Calculating the required bandwidth for ACK queues for asymetric link

dusan

The calculation is now formally exact and the formula approximates it tightly. However, for K = 20, the old formula gives X/A = 61% which corresponds to the largest qWANack I ever hear of (see hoba's post in this thread), while the new formula shows something else: X/A=75%, which is clearly more aggressive and may be over-estimate.

Which formula is better, I don't know. I think the better approach is to use the old as the default, users should apply the new only if they'll experience packet drops.

eri--

@dusan:

The calculation is now formally exact and the formula approximates it tightly. However, for K = 20, the old formula gives X/A = 61% which corresponds to the largest qWANack I ever hear of (see hoba's post in this thread), while the new formula shows something else: X/A=75%, which is clearly more aggressive and may be over-estimate.

Which formula is better, I don't know. I think the better approach is to use the old as the default, users should apply the new only if they'll experience packet drops.

if i solve this formula(the old one) for X i get:

log(X) = 0.8 * log(B) + 0.2 * log(A)  - log(0.0558)

and for  A=512 and B=128 i get X = 9.X ?!

Have i made an error somewhere?!
Or does this formula gives a result in percentages?!
Meaning i should do a 9% * A(512) after it. Sorry for the dumb question just to be sure.

dusan

@eri--:

if i solve this formula(the old one) for X i get:

log(X) = 0.8 * log(B) + 0.2 * log(A)  - log(0.0558)

You may use it this way (to compute X directly), of course.
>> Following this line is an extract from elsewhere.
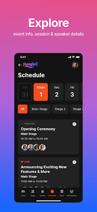 View an entire virtual event's schedule at-a-glance, including details on which sessions are taking place, as well as when and where.

When posted, it was meant to compute the ratio X/A from the known ratio B/A, however.

Just a typo: the sign of log(0.0558). I know that you used + and just mistakenly typed - here.

@eri--:

and for   A=512 and B=128 i get X = 9.X ?!

Have i made an error somewhere?!

There is no error. X = 9.42445330 [kb/s] and X/A = 0.0184 = 1.84%. Just that it is for uplink four times faster than downlink, which may be unusual (for home user) and may not what you mean for.

Note that X/A=1.84% in this case (B/A = 1/4) equals to Y/B in the case of B/A = 4 (see the old table). In general, the formula has a property that a link with B/A = 1/K behaves exactly like a link with B/A = K in reverse orientation, i.e.

X/A * Y/B = (5.58%)^2 = const

That's because I've modelled the link using pairwise symmetric traffic patterns. For example,

FTP upload pattern: (1, 0.005, 0.001, 0.025)
FTP download pattern: (0.005, 1, 0.025, 0.001)

then, I've put a straight line as an approximation of the resulting curves (B/A,X/A) and (A/B,Y/B) in (log,log)-scale coordinate plane (see attached figures).

Also note that the formula gives X/A > 100%, which is clearly nonsense, in case of large B/A. The suitable range of direct applicability is about 1/20 <= B/A <= 20. If B/A is out of the range, one may take the result from the nearest in-range case (i.e., B/A = about 1/20 or 20).

eri--

You may use it this way (to compute X directly), of course. When posted, it was meant to compute the ratio X/A from the known ratio B/A, however.

I know i can use it this way, math has the rules to allow it.
Furthermore, i arrived to a conclusion that with a +-10% tolerance i can simplify it to
log(X) = 0.8 * log(A) so it will be mostly OK for most of users and remove the dependency on the other side.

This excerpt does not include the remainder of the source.